Sunday, February 14, 2016

Unprecedented

Regarding the eventual replacement of the great Justice Scalia, we have two conflicting but both literally correct statements from Senate leaders.

Senate Minority Leader Harry Reid (Reuters):
"It would be unprecedented in recent history for the Supreme Court to go a year with a vacant seat," he said in a statement.
Senate Judiciary Committee Chairman Charles E. Grassley (The Washington Times)
"The fact of the matter is that it’s been standard practice over the last 80 years to not confirm Supreme Court nominees during a presidential election year," he said.

The vacancy itself is unprecedented. Senate confirmation has not been an issue simply because a similar vacancy has never happened "in recent history." The Senate has not left an election year vacancy vacant in the last 80 years because an election year vacancy has not occurred since 1932, 84 years ago.

To borrow a phrase from President Obama, the Senate majority might start saying "elections have consequences."

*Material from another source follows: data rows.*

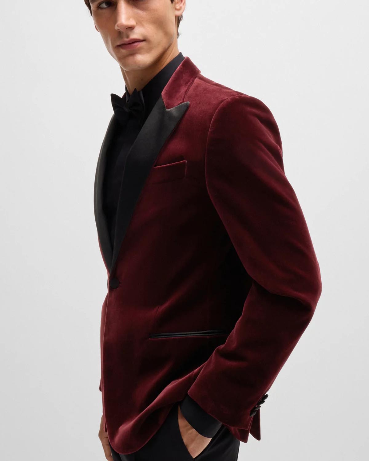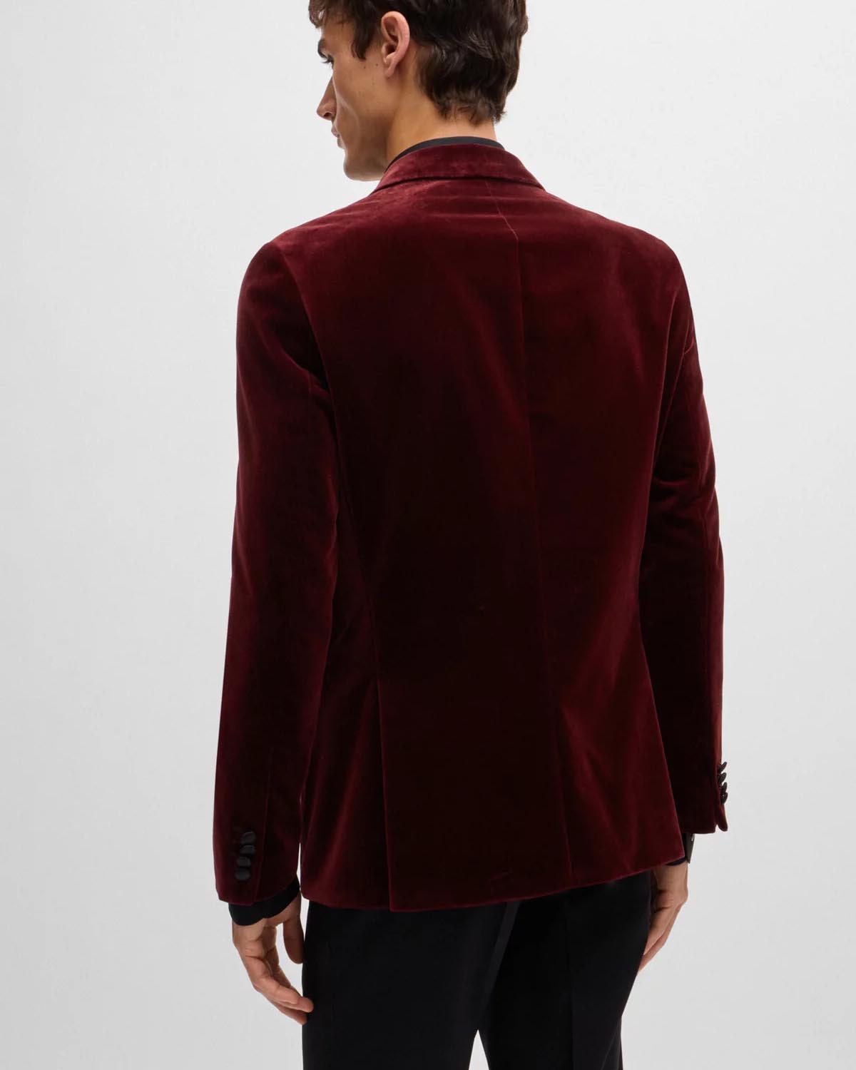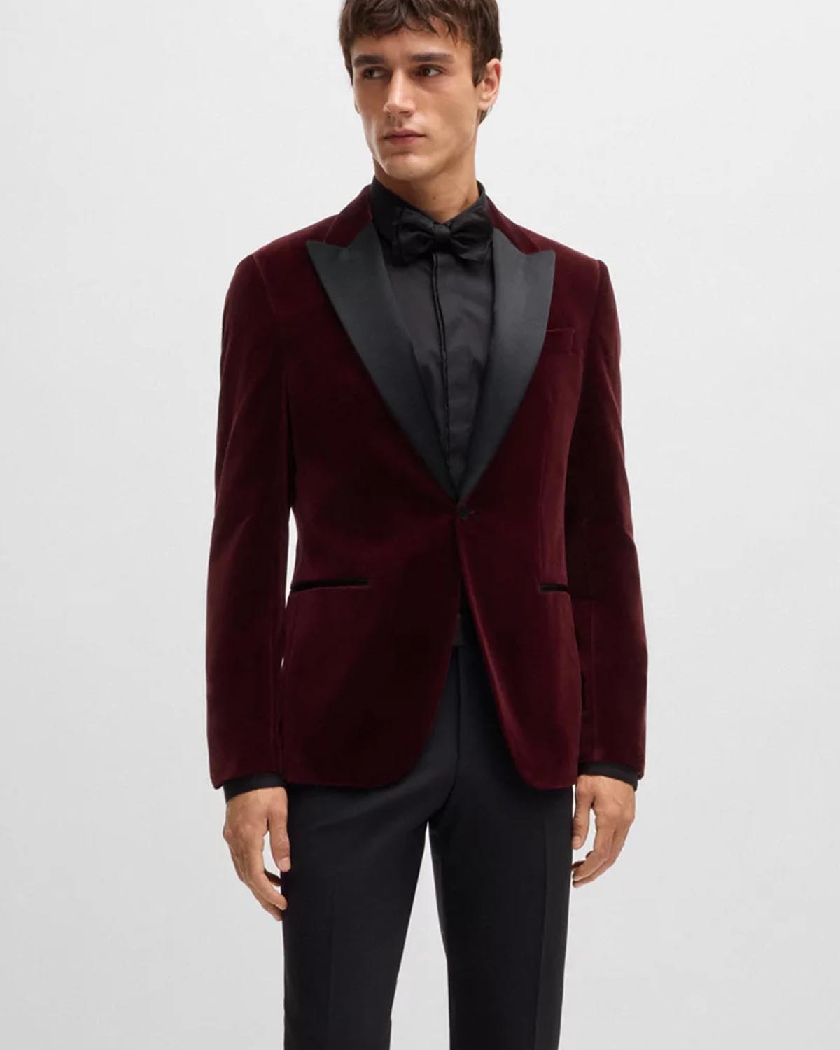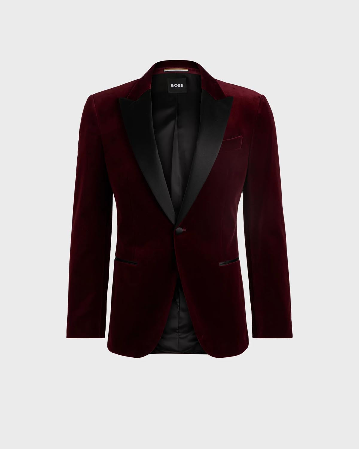 En elegant rød smokingjakke fra BOSS Menswear. Med en enkeltknappslukking er denne raffinerte smokingjakken designet i myk fløyel laget av ren bomull. Silkeblandede aksenter gir et forhøyet preg til dette designet.
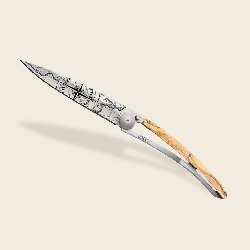 Ultra-light knife in Z40C13 stainless steel, grey titanium coating. Blade with secure liner lock system decorated with fine laser engraving. Belt clip. Olive wood handle. Scratch resistant.
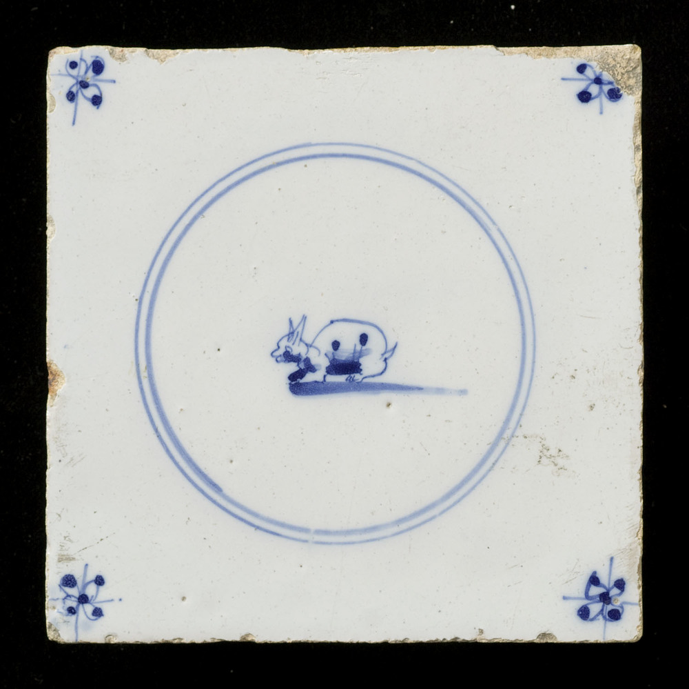 tegel van aardewerk met tinglazuur, voorstellende: s...

Saturday, February 13, 2016

High Minimum Wage Stunts Job Growth

From Generation Opportunity:
According to Investor’s Business Daily, when Washington D.C., Oakland, Los Angeles, San Francisco, Seattle, and Chicago started paying low-skilled workers more, job creation dropped to its slowest in the last five years in the leisure and hospitality sector. Many minimum wage jobs fall within this field, which includes restaurants and hotels.
And this isn't just a quarter-to-quarter slowdown. The cities deviate from other parts of their states over the same time period:
When San Francisco and Oakland bumped their minimum wages to $12.25, the highest in the country, employment rates for the fourth quarter dropped from 4.7 percent to 2.5 percent. And yet in the rest of California where minimum wage was around $3.25 less, employment grew by 4.8 percent last year.
And from the Investor's Business Daily article:
Job gains at Seattle-area restaurants rose just 1.8% from a year ago, down from 4.6% growth a year earlier, in their worst year for employment since 2009. Meanwhile, in the rest of the Washington state, restaurant employment gains accelerated to 6.3%.

Monday, February 08, 2016

On Campaign Music

A frequently under-reported point about music for political campaign events: musicians can complain, but this is because of free speech, not because they actually control their music. From the Politico:
As long as the campaign or the venue has bought a “blanket license,” which is standard practice, it can use any song from the music library of the organization granting the license. (Use of music for campaign commercials is more complicated and typically requires an artist’s permission.) It’s not the law that stops politicians from using certain songs; it’s the embarrassment factor, which has been significant.